The brothers have always owned 100% of the capital of the company they founded. Shaken financially by the health crisis like all non-essential businesses forced to close repeatedly, the family company, solid and “prudent” was able to withstand the shock. By the strength of the group, none of its establishments was on the verge of rupture or went bankrupt.

“The health crisis has deeply marked and transformed the French in general. We have had aid, but not enough to cover our losses. Being a group, aid was capped and on the twelve restaurants we had at the At the time, only seven were able to benefit from it. In 2020, we had zero help. We lost large sums of money during the months of closure. But we have a fairly solid back at the group level. As we are self-financing , we have always managed carefully, left the money in the companies and developed slowly. Moreover, our grandparents had gone bankrupt, we know what it is to lose everything and have always been marked by that”, says the entrepreneur.

In Toulouse, the extension of the “Covid-19” terraces is becoming a sensitive subject

In addition to the financial aspect, this crisis has pushed a population of employees, who have sometimes experienced a seven-month break from catering, to turn away from catering. Added to this is the shortage of personnel facing the market. Today, the group, which has 250 employees in France, including between 150 and 200 in Toulouse Métropole, Albi and Montauban, has recruited around thirty people over the last month, which is not enough. Ideally, the company would need 15 to 20 more people, particularly in the kitchen.

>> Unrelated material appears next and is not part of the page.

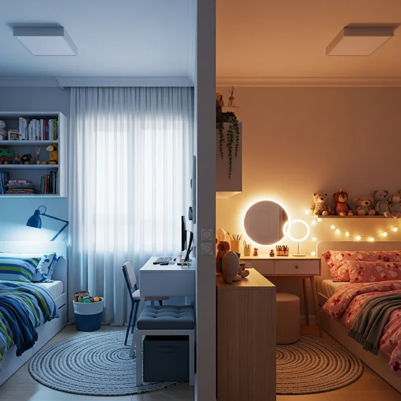 Illuminate individual needs without disturbing roommates! Each bed needs its own reading light: clip-on, wall-mounted, or bedside lamps. Dimmer switches on overhead lighting accommodate different sleep schedules. Night lights provide security without disrupting sleep. Consider smart bulbs that change colors for different moods or activities. Blackout curtains help early risers avoid waking night owls. Task lighting at desks prevents eye strain during homework. String lights add ambiance without harsh brightness. Battery-operated options eliminate cord conflicts. Position lights to avoid shining in siblings' eyes. Include a sunrise alarm clock for gentle wake-ups. This layered lighting approach respects different rhythms and activities. Your lighting plan keeps peace during those tricky bedtime transitions!

“We are struggling to recruit, but it was already the case before. All sectors of activity have this problem. Catering is much more impacted than the others because the health crisis has gave people another rhythm of life. Giving back a taste for work to people who, for seven months, had not worked was difficult. The catering market has lost a lot of employees but it will come back. Every year we have people coming out of school and entering the market. We work with students. With a little training, anyone can do the job of catering.”

Open from Monday to Sunday at lunch and dinner time, the 100% Toulouse restaurant chain serves nearly 100,000 people per month. To continue to attract new customers and retain existing ones, the group is innovating. In summer, on two of its restaurants equipped with a rooftop, in particular in Labège and four such as Blagnac and Aucamville where terrace extensions have been made, it offers outdoor summer bars in guinguette mode to enjoy cocktails and drinks around homemade tapas / snacks, Monday to Friday, in “afterworks ou happy hour”.

Hospitality and catering: the GNI union is born in Toulouse

Leave a Comment

This site uses Akismet to reduce spam. Learn how your comment data is processed.